Elsewhere, thanks to inaction by Obama, Chinese have already captured all of South China Sea area as their own. The Americans kept watching but did nothing.
Overconfident Chinese came to do the same on India - China border using Doklam as the test case. Well they met an iron fist. No solution was possible until the head of the Chinese Army who was the roadblock was removed from the office and a day later settlement followed. The Chinese media and the Chinese people were shell-shocked at the turn of the events. The hardliners in the Chinese Communist Party hierarchy who precipitated the crisis have not given up yet. They have the party General Congress conference in October/November where they will outline President Xi's shortcomings and demand his head or much stricter action against a minor power like India. President Xi may relent and give into the demand of punitive action against India. All that will happen, if US - North Korea war of words does not heat up into punitive action by the US. That will put a hold on Chinese plans on India-China border. Otherwise, situation at the LAC will heat up.
So what are Chinese options:
1. They may try and retake the Doklam plateau again.
2. They may send lorries full of Chinese soldiers to plains near Daulat Beg Oldi to block Indian movement there. That will remove any Indian threat to CPEC being built via Khunjreb Pass to Pakistan.
3. They can simply threaten Indian position at Chusul airstrip.
4. In Arunachal Pradesh they may threaten Tawang one more time and still use the foot paths over minor passes to appear behind Tawang and cut Indian positions off. This they did very well in 1962 as our bumbling military leadership did not know how to react.
Any of the above, Chinese can do it but it all depends upon how India reacts.

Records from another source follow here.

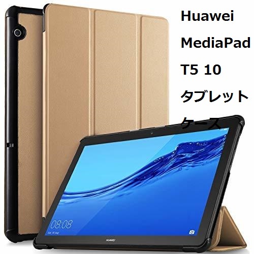 > #DCIJ Huawei MediaPad T5 10 タブレット ケース 新型 NEWモデル スタンド機能付き 保護ケース 三つ折 薄型 超軽量 全面保護型 ゴールド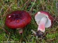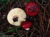 Russula suberythropus (nom. inval.) pousse sous Picea, possède un chapeau rouge vif au centre souvent très sombre.
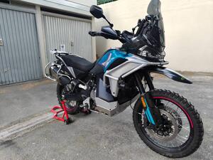 Griglia parafaro Parabrezza leggermente più alto fumè (incluso anche originale) Specchietti reclinabili (oltre ad originali) Manopole in gomma morbida Traversino portacellulare agganciato direttamente dietro alla strumentazione (più solido e non si alza e abbassa assieme al parabrezza) Pellicola su strumentazione tft Barre paracarene alte Faretti led anabbaglianti sotto chiave Paramani con anima in acciaio (prodotto di fascia alta, no cinesata) Leva frizione a manubrio corta Leva attuatore fruizione maggiorata "One finger" per ammorbidire la frizione Calze acerbis per copertura steli Forcella Adesivi rilievo in gomma antiscivolo su parte alta serbatoio per Maggiore grip Paracoppa in alluminio ad alto spessore a copertura totale di tutta la parte bassa della moto Griglia aggiuntiva tra radiatore e paracoppa per preservare collettori di scarico e clacson da eventuali pietre Para serbatoio liquido freno posteriore in alluminio Piastra para calore tra catalizzatore e monoammortizzatore Telai porta valige in acciaio colorazione silver Piastra portapacchi GIVI trekker in alluminio Portatarga corto in alluminio e originale in plastica Ulteriori telai laterali (in eventuale sostituzione degli attuali)per valige morbide Adventure Pneumatici mitas enduro Trail plus 50% posteriore, 70% anteriore + gomme originali direi a circa l'80% di vita Copertura sella a nido d'ape che aumenta comfort di seduta e termico Iat Aftermarket per ingrassare leggermente la carburazione e rendere l'erogazione più fluida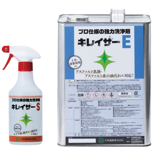 ■キレイザーE…アスファルト乳剤や機械油などの頑固な油汚れに

If India presents an iron fist just as it did at Doklam then Chinese generals will be obliged to escalate it further. They simply do not wish to look for a face saving formula. But there is a problem here, Chinese have insufficient troops and military hardware in Tibet other road network to meet the Indian iron fist which India may present. That 240,000 Chinese garrison in Tibet after internal security requirements, is far too insufficient to meet the Indian iron fist of comparable troop strength organized in 8 mountain divisions and an aggressive corp being readied at Panagarh in West Bengal. In the east Ladakh is well supplied with troops, tanks and artillery.

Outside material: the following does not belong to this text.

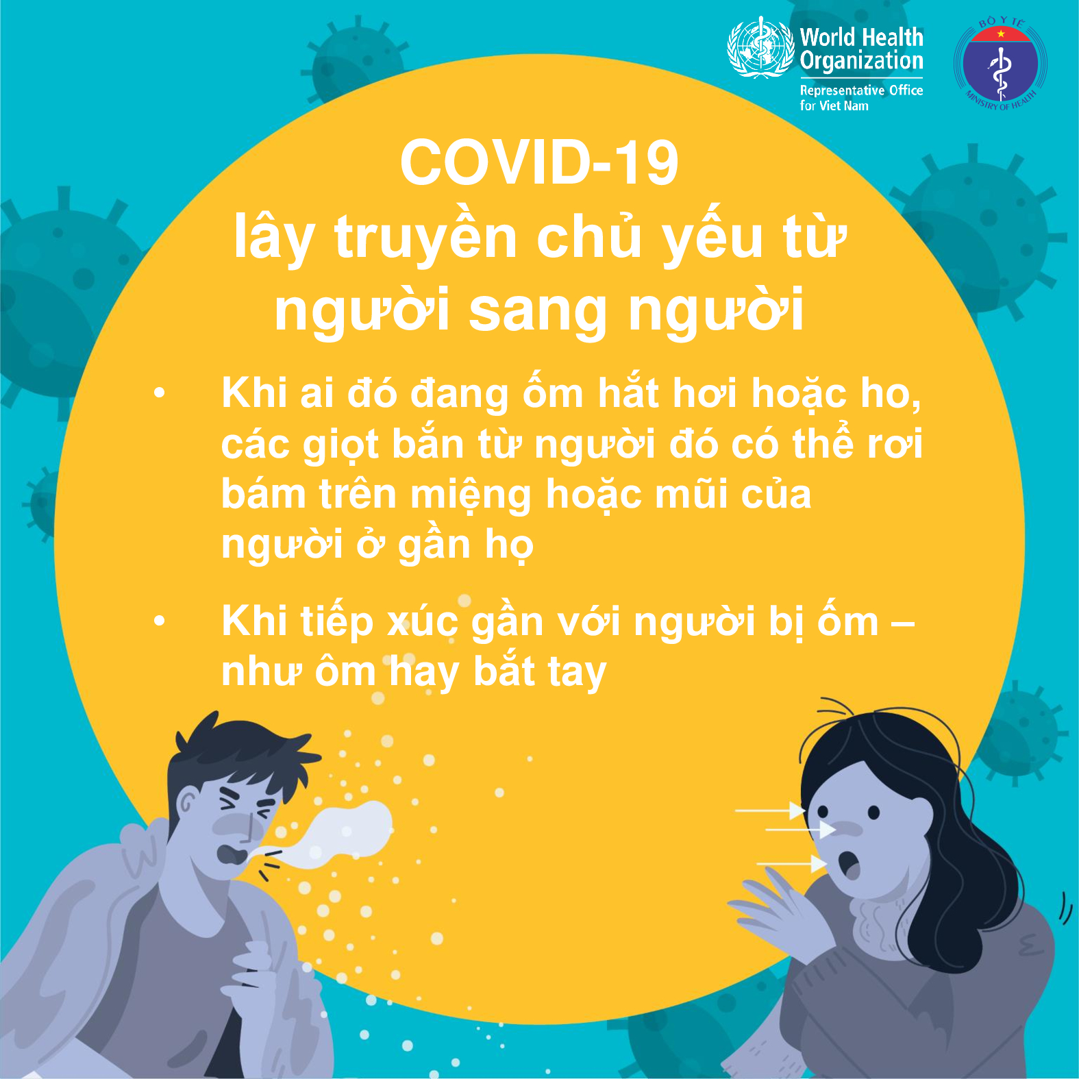 COVID-19 lây truyền chủ yếu từ người sang người. Phòng chống bệnh COVID-19 là trách nhiệm chung của chúng ta.

Now begins the issues to be thought thru by the Chinese leadership in Peking. If they concur to the additional troops strength asked for by the Chinese generals or ignore general's requests but restart the verbal and media war we witnessed this summer over Dokolam. We do not know yet what is up in the Chinese mind. My guess is additional troops to Tibet to intimidate India will be the policy.
Let us assume that Peking doubles the troop strength in Tibet opposite India. First, on a single rail line from China which is partially built over permafrost, it will be hard to support the additional troops. But let us assume that long range supply is maintained somehow, then how will the unacclamtized troops and hardware will behave in -20C and mountain tops which are not in Tibetan plateau but at 12,000 to 20,000 feet and which are not serviced by much talked about Chinese road network. I see a big supply problem. Troops will have to turn back as overconfident Chinese meet the Indians at well acclamatised Indians positions. Moreover attacking ratio in the mountains of 7 to 1 cannot be met. I only see hardship for the attacking Chinese and victory for India.
It has been confirmed by the Indian Airforce chief that Chinese airfields are inadequately developed at seven thousand feet in Tibet. A big problem for them, advantage India. Hence Chinese will not dare to use the Airforce at all.
As for the Navy, there is nothing in Chinese navy which is war ready after travelling four thousand miles to the Indian Ocean. Their numbers are large but mostly untrained paper tigers. Their submarines are not seen diving deep and do not go any farther than thirty miles from their maintenance trawler. These submarines breakdown more often. The aircraft carrier has not seen the deep sea.
So, minor skirmishes is a possibility next year, but Chinese very much worry about their prestige will not initiate a big confrontation. Even a little one is most unlikely to happen as the little ones escalate into big fights.
Chinese have to remember that India is very much different than what they met before.